Finding friendship in a quieter world

True Tales From Everyday Living

February 25, 2007|By Julie Scharper | Julie Scharper,Sun Reporter

I raised my hand to knock on the door, then paused, thinking about the tragedy that had shocked this quiet community. The day before, a gunman had burst into an Amish school four miles away and shot 10 girls, killing five, then taking his own life. By tracing the name of the father of two of the girls, I was led to this house on a hill on Little Beaver Road in Strasburg, Pa.

I didn't want to trouble the family, but I wanted to learn about their daughters and tell their story. Still, I felt like an intruder as I ran my eyes over a pair of small black shoes that sat on the porch. I tapped on the door.

A young woman wearing a long tan-colored dress opened the front door. She was barefoot, breathless and her organdy bonnet sat cockeyed on her head. In a tumble of words, she apologized for not answering the door sooner and, to my surprise, invited me inside.

Her home was cool and dark and smelled like herbal soap. One large straw hat and three small ones hung in a line on a wood-paneled wall. A little girl and boy scampered over to the woman and clung behind her skirt.

I introduced myself and nervously explained why I had come. The woman told me that her name was Verna Stoltzfus and that the girls who had been shot were the daughters of her cousin, who had the same name as her husband. She said that she was 28.

"Oh, that's how old I am," I said. We looked at each other silently, then laughed and, in that moment, a friendship was born.

That afternoon, she told me about her four children and Christ (pronounced Chris), her husband of nine years, who builds sheds at a wood shop. She taught school for two years, then left, as Amish tradition dictates, when she got married.

She explained the complicated relationship that the Amish have with technology.

Her family has a refrigerator and stove that run on propane and a washing machine powered by compressed air. The fact that no electric lines run to the house is a symbol of their desire to remain independent from mainstream society.

"If we had everything electric, we'd never stop," she said. "We'd have too many conveniences."

She led me to the barn and showed me the two horses that pull her family's buggy, their chickens and a donkey named Apple Pie. Two-year-old Steven carried golden retriever puppies and the barn cat's kittens over to me.

The next day, I accompanied Verna and her children to school and spent the day in a one-room schoolhouse, much like the one where the shooting took place. I was struck by the utter innocence of the children. One boy tapped another on the back and showed him the shavings from his pencil sharpener.

Walking home along the country roads in their old-fashioned clothes, the children looked like figures from the Little House on the Prairie books that I loved as a child.

But as I have gotten to know Verna better, through letters and packages we send in the mail, I have realized that she is not an anachronism, but a modern woman who has decided to live differently.
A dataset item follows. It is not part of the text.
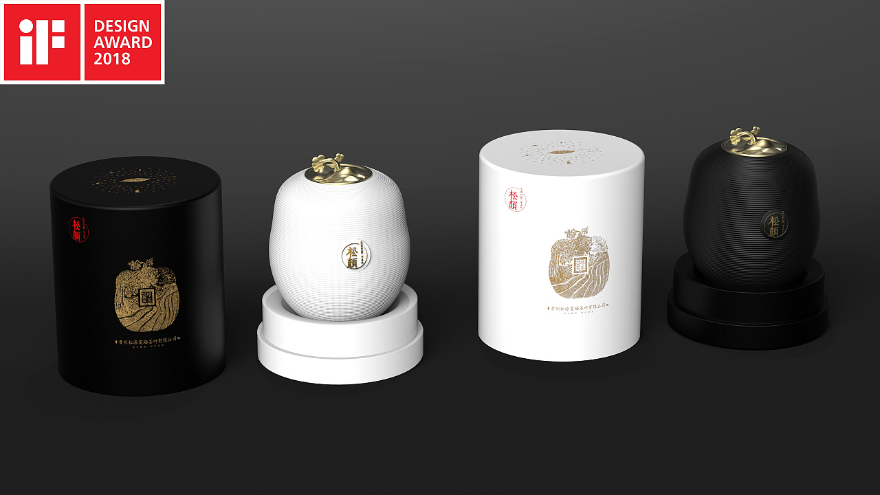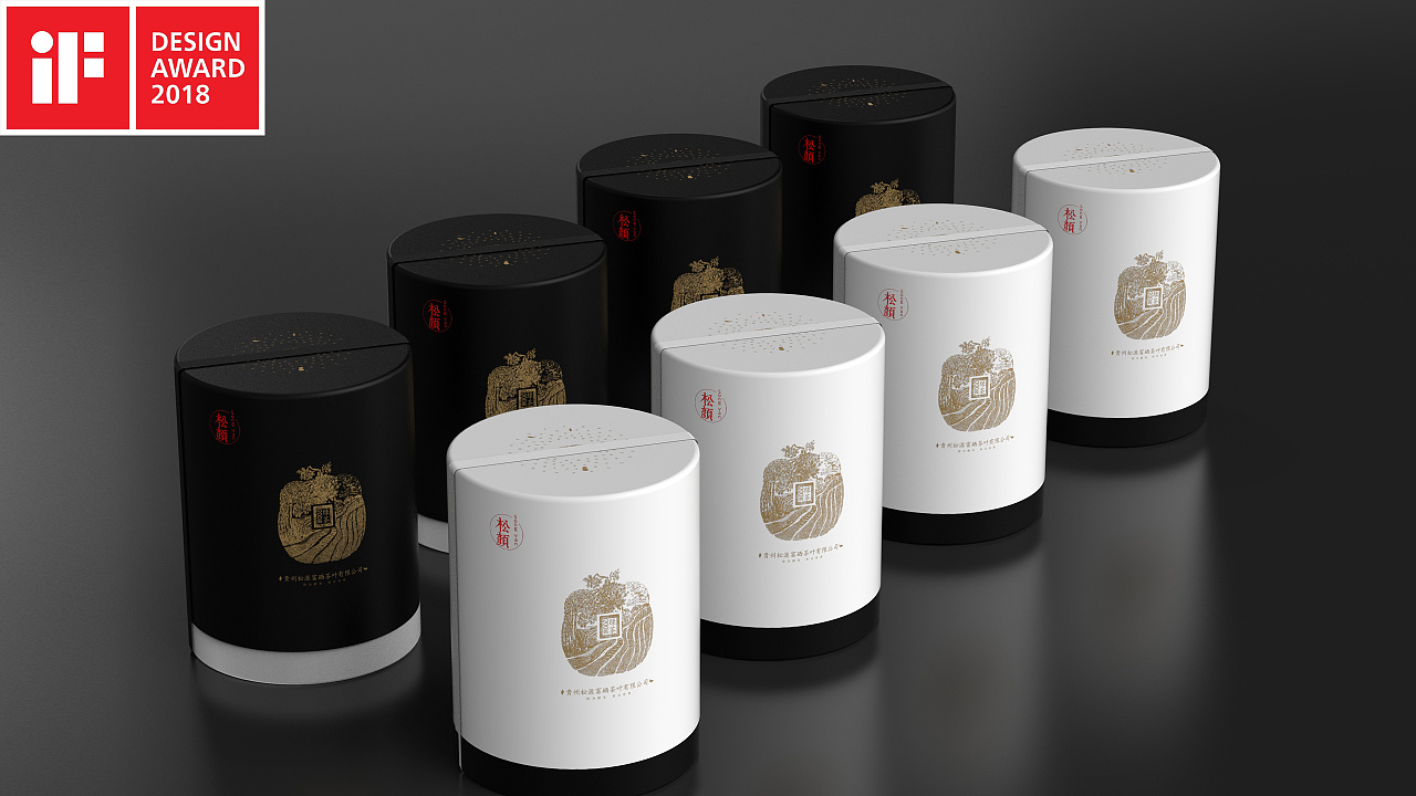 整个视觉形象是通过对茶园生态环境的具象描绘,用素描绘画的形式将、茶山、茶树、茶叶组合成一个完美的茶叶陶罐,陶罐顶部也巧妙的结合出一片茶园的形态,黑白两色分别代表着松颜的白茶与黑茶两大品种,用简单直观的手法传递出松颜茶叶的品牌特色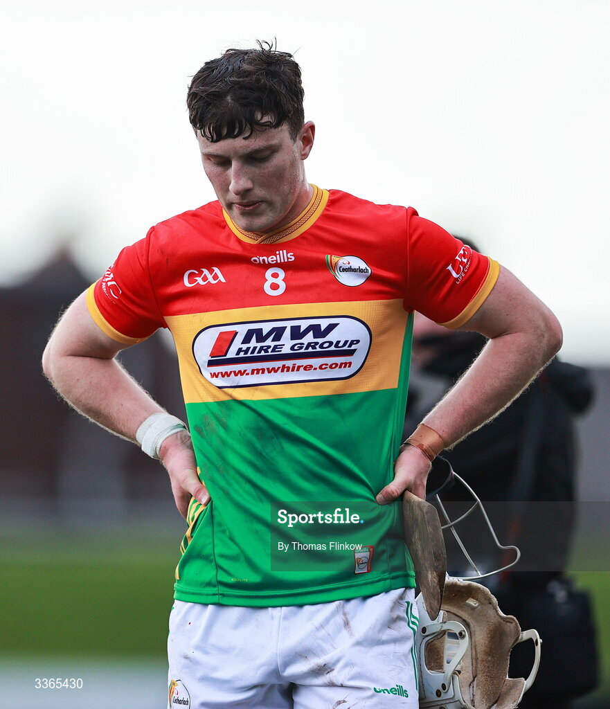 22 February 2026; A dejected Fiachra Fitzpatrick of Carlow after his side's defeat in the Allianz Hurling League Division 1A match between Antrim and Carlow at Corrigan Park in Belfast. Photo by Thomas Flinkow/Sportsfile

"You know, I think if I had a TV, I would really get into politics," she told me last week when I dropped by for a visit. Then she said that she would like to go back to teaching.

"I thought you said that married Amish women can't teach," I said.

"No," she said, shaking her head.

Although Verna and I were born less than two months apart, the subsequent 28 years couldn't have been more different. When I was an irresponsible high school student, she was single-handedly managing a schoolhouse of children. While I was discussing Nietzsche over Natty Bohs in college, she was married and expecting her first child.

She lives the life that I dreamed about when I was a little girl. At 8, I would have never imagined that I would be unmarried and childless 20 years later. I can't see a single tree from the windows of my apartment in the city. Most days, the only thing I make with my own hands is a cup of coffee.

There is a sense of wistfulness when Verna and I get together. We look at each other and see a reflection of how our lives could have been.

Her quiet voice stays in my head when I drive back down Little Beaver Road and head to the highway.